На трехмерных изображениях тыльной, подошвенной, медиальной и латеральной сторон показаны основные стабилизирующие связки среднего отдела стопы. Таранно-ладьевидный сустав стабилизируется дорсальной таранно-ладьевидной связкой (D-TNL), пяточно-ладьевидным компонентом раздвоенной связки (CN-BL) и пружинным связочным комплексом, состоящим из верхнемедиальной (SM-CNL), медио-подошвенной косой (MPO-CNL) ) и нижнеподошвенной продольной (IPL-CNL) пяточно-ладьевидной связке.Пяточно-кубовидный сустав стабилизируется тыльной пяточно-кубовидной связкой (D-CCL), короткой (SPL) и длинной (LPL) подошвенными связками, а также пяточно-кубовидным компонентом раздвоенной связки (CC-BL). Также маркируются сухожилия задней большеберцовой (PTT) и длинной малоберцовой мышцы (PLT).

 

Таранно-ладьевидный сустав

Таранно-ладьевидный сустав представляет собой артродиальный сустав, образованный выпуклой суставной поверхностью головки таранной кости, вогнутой задней поверхностью ладьевидной кости и таранными фасетками передней пяточной кости.Шаровидное расположение сустава сравнивают с тазобедренным суставом, за что он получил прозвище «тазик стопы».
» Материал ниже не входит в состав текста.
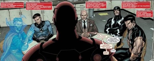 Dans les comics, l’existence des Illuminati a été révélée dans le 7e tome de New Avengers, publié en 2005. La vocation de l’assemblée n’y est pas tant de combattre ensemble mais plutôt de coordonner les actions de leurs différentes équipes.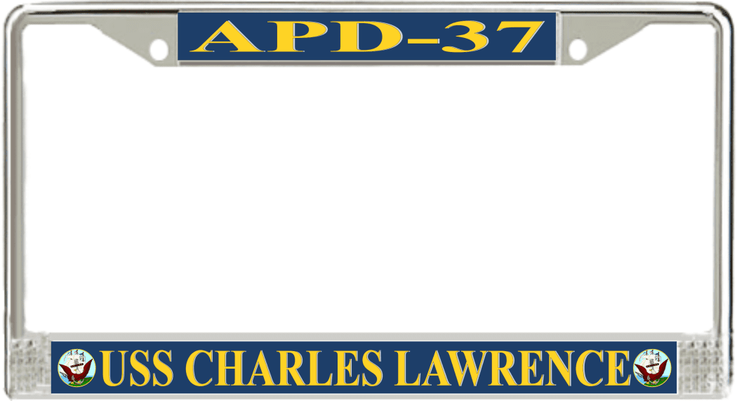 USS Charles Lawrence APD-37 License Plate FrameThis USS Charles Lawrence APD-37 License Plate Frame is proudly made in the USA at our facilities in Scottsboro, Alabama. Each of our MilitaryBest U.S. Navy Frames feature top and bottom Poly Coated Aluminum strips that are printed using sublimation which gives these quality automobile military frames a beautiful high gloss finish.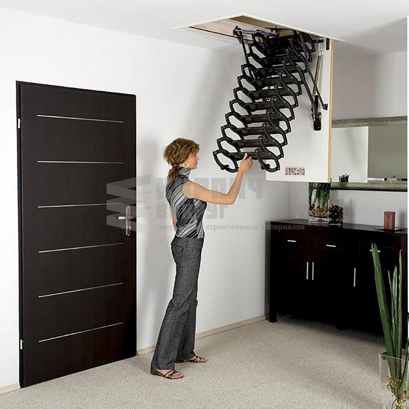Металлическая чердачная лестница LST оснащена энергосберегающей термоизоляционной крышкой люка (толщина крышки с утеплителем – 36 мм) белого цвета. По периметру люка установлен контур уплотнения, обеспечивающий высокую степень герметичности. Благодаря «ножничной» системе складывания в сложенном виде лестница очень компактна и имеет небольшой размер крышки люка. S-образные боковые элементы лестницы выполняют роль поручней и придают лестнице современный вид. Рекомендуемая высота установки 260-280 см.
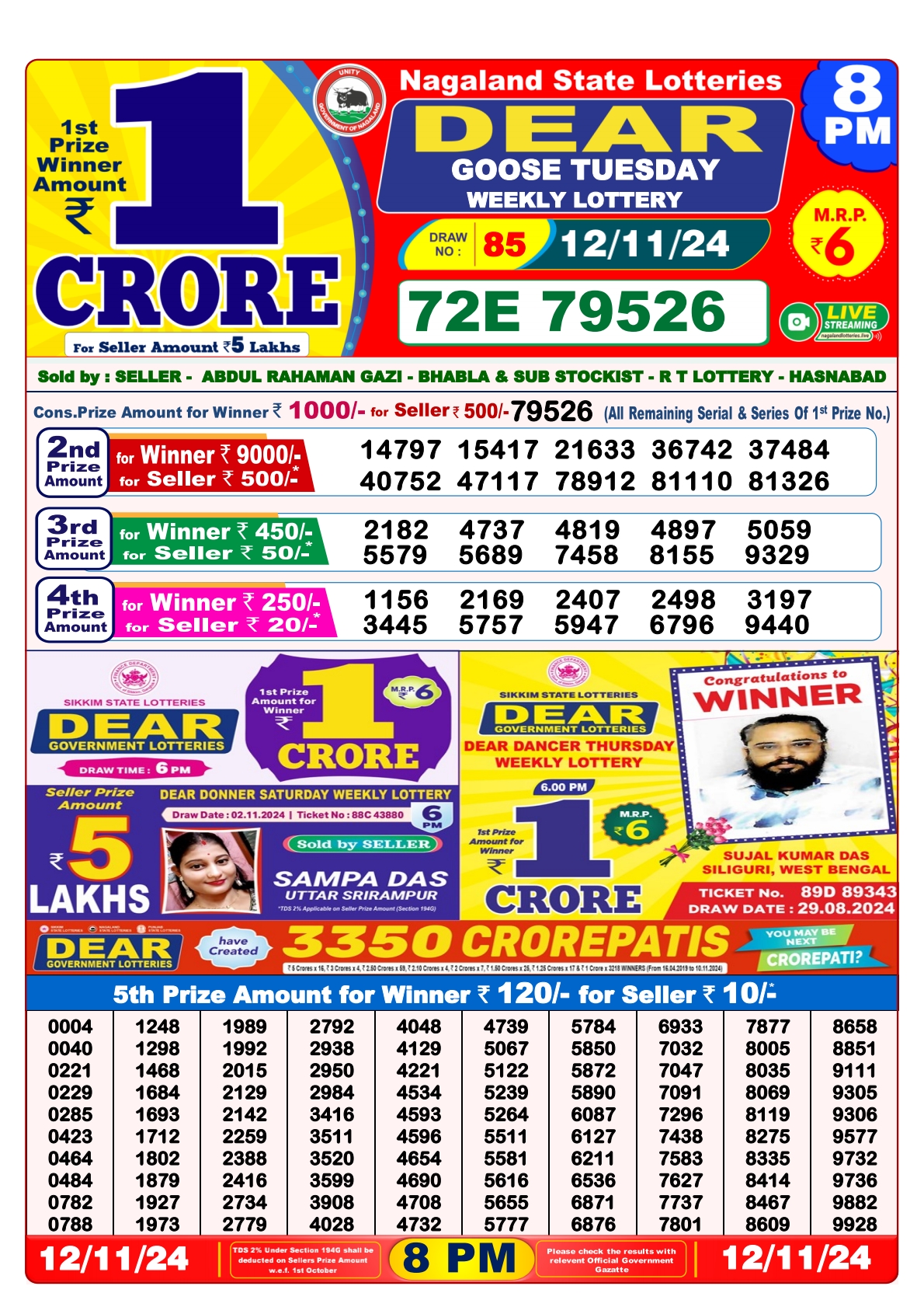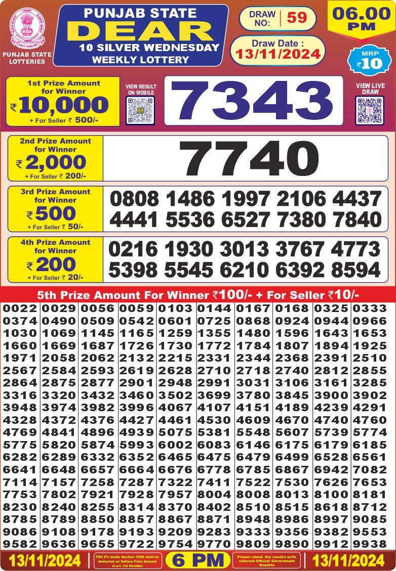 Dear 10 green lottery 1.30PM Result 13.11.24

Таранно-ладьевидный сустав имеет непрерывную суставную капсулу, которая содержит несколько связок. Тыльная таранно-ладьевидная связка представляет собой широкое капсульное утолщение, начинающееся от тыльной стороны шейки таранной кости и широко прикрепляющееся к тыльной, медиальной и латеральной сторонам ладьевидной кости. Тыльная таранно-ладьевидная связка обычно визуализируется на сагиттальных МРТ-изображениях. [Рисунок 4A] Связка часто бывает утолщена, что считается клинически незначимым признаком, отражающим адаптивные биомеханические изменения, связанные с тракцией во время нормальной ходьбы. 8

Пружинный связочный комплекс, также называемый подошвенным пяточно-ладьевидным связочным комплексом, состоит из трех частей: верхне-медиальной, медио-подошвенной косой и нижне-подошвенной продольных связок. Верхнемедиальный компонент начинается от переднего края sustentaculum tali и прикрепляется к бугристости ладьевидной кости и большеберцово-пружинной части дельтовидной связки. Верхнемедиальный компонент лучше всего виден в коронарной и аксиальной плоскостях на уровне таранно-ладьевидного сустава и располагается между медиальной головкой таранной кости и задним большеберцовым сухожилием.[Рисунок 4B]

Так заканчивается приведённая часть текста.